◆ **WHAT THIS TASK INVOLVES**
Up to and including the line that contains "Tuya涂鸦Wifi欧规智能插座带电量计量语音手机远程控制16A 20A", repeat the entries below exactly from the first line on. Do not carry over any pictures.

Data entries:
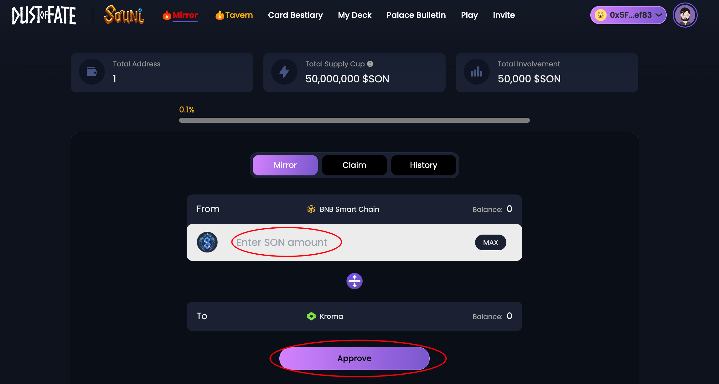 3. Enter the $SON amount you want to mirror to Kroma, then click "Approve"
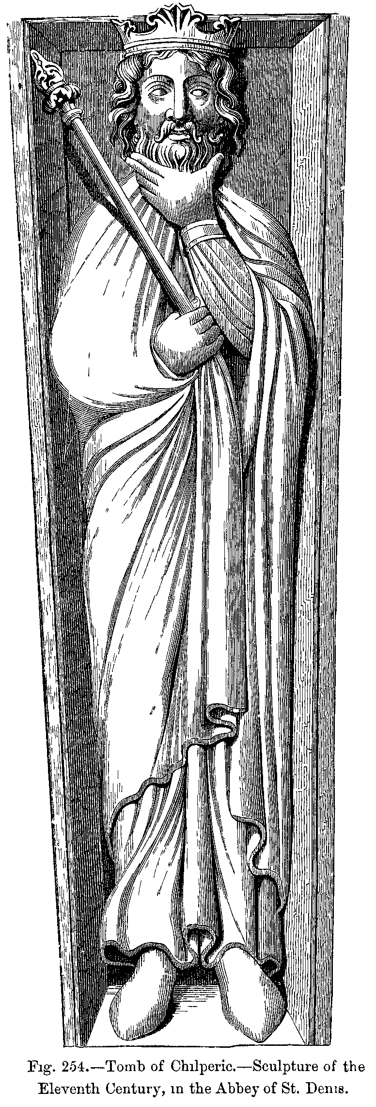 Fig. 402.--Costume of King Clovis (Sixth Century).--From a Statue on his Tomb, formerly in the Abbey of St. Geneviève.
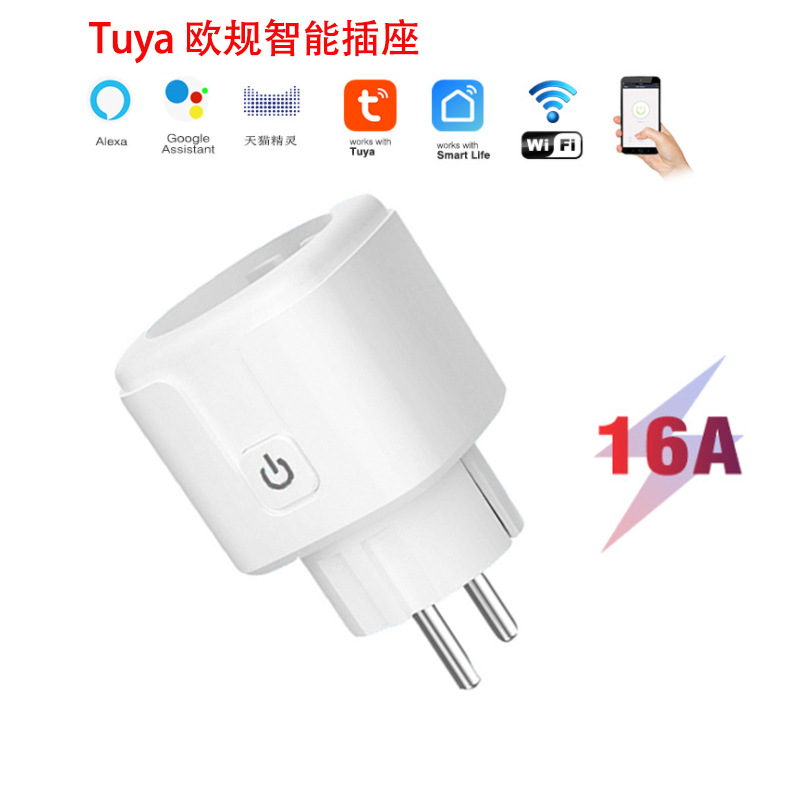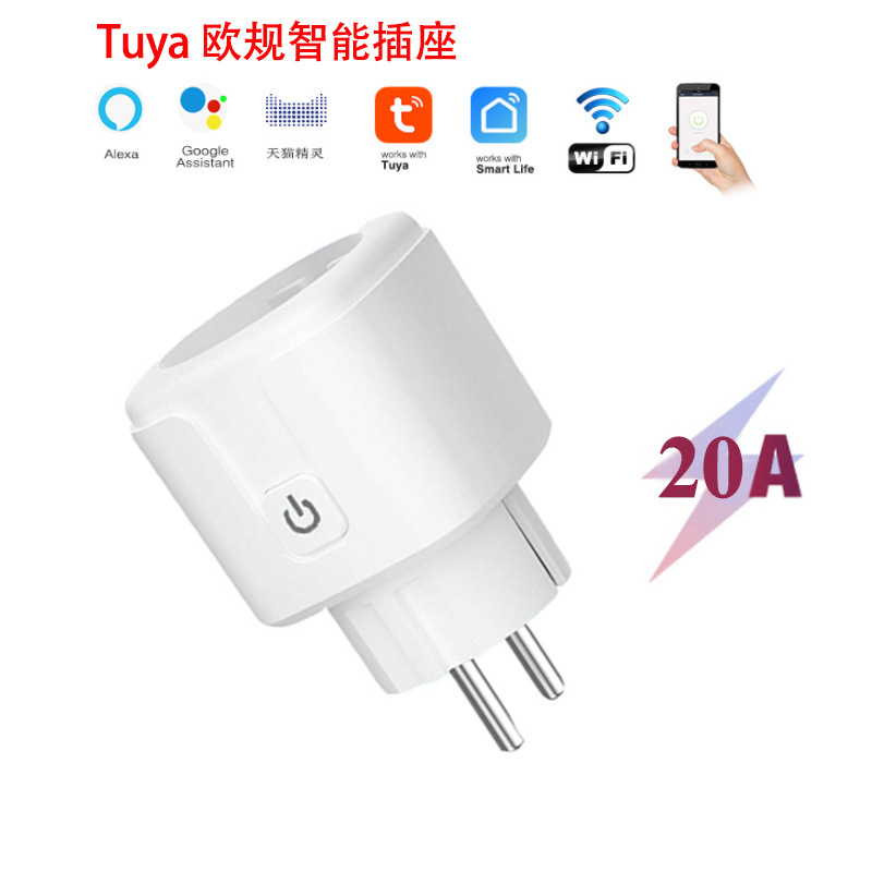 Tuya涂鸦Wifi欧规智能插座带电量计量语音手机远程控制16A 20A
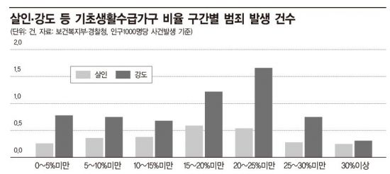 연구에 따르면 빈곤층 비율이 높은 지역에서는 오히려 범죄 발생률이 낮게 나타났다. 2007년부터 2016년까지 최근 10년간 5대 범죄 유형별(살인, 강도, 강간ㆍ강제추행, 절도, 폭력) 발생건수는 기초생활수급가구 비율이 0~5%인 구간부터 점점 올라가 10~15% 구간에서 가장 높아졌다. 하지만 20~25% 구간부터는 오히려 줄어드는 경향을 보였다. 인구 1000명당 살인 발생 건수를 백분율로 계산해보니, 기초생활수급가구 비율 0~5% 구간(0.26건), 5~10%구간(0.36), 10~15%(0.38), 15~20%( 0.59)까지 올라가지만 이후 20~25%(0.54) 25~30%(0.28) 30% 이상(0.25)으로 낮아졌다. 즉 빈곤층이 특정 지역에서 많이 거주할 수록 범죄율이 높아지지만, 일정 수준 이상으로 많아지면 오히려 줄어드는 추세가 관찰된 것이다.
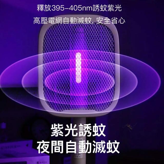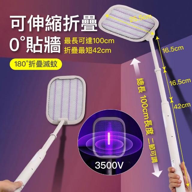 四合一二截式伸縮折疊電蚊拍(充電式電蚊拍+誘蚊燈)
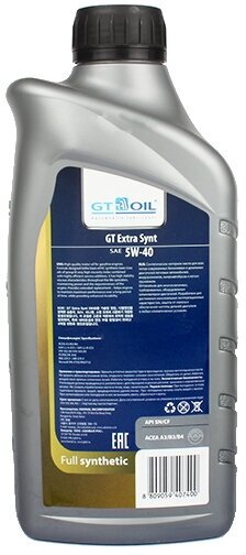 GT OIL Масло Extra Synt, SAE 5W-40, API Sn/cf, 1л 8809059407400 .
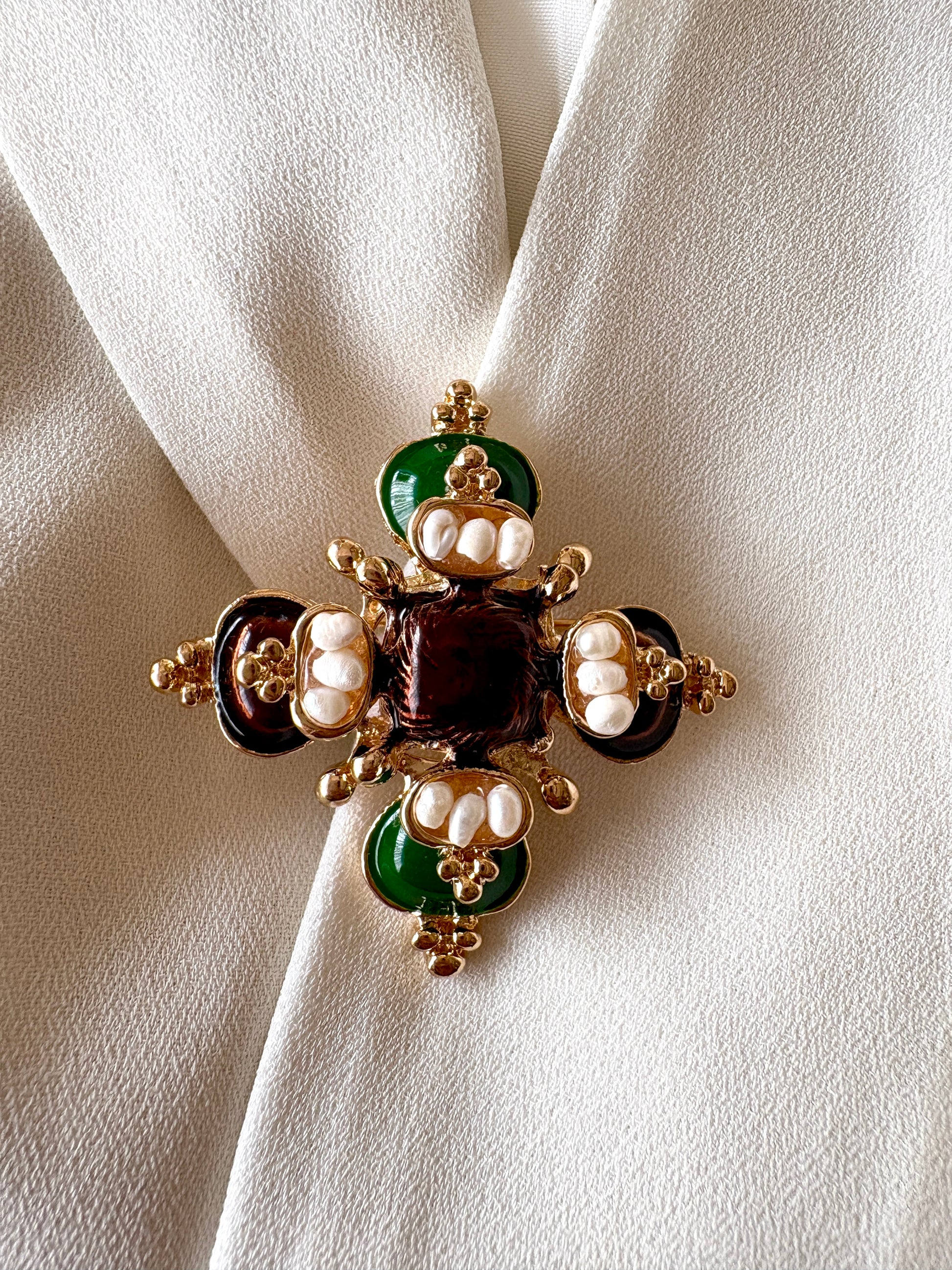 Vintage Clover Studded Brooch
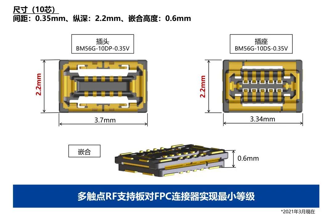 1 . 多触点RF支持板对FPC连接

◆ **ANSWER TO THE PROBLEM**
 3. Enter the $SON amount you want to mirror to Kroma, then click "Approve"
 Fig. 402.--Costume of King Clovis (Sixth Century).--From a Statue on his Tomb, formerly in the Abbey of St. Geneviève.
 Tuya涂鸦Wifi欧规智能插座带电量计量语音手机远程控制16A 20A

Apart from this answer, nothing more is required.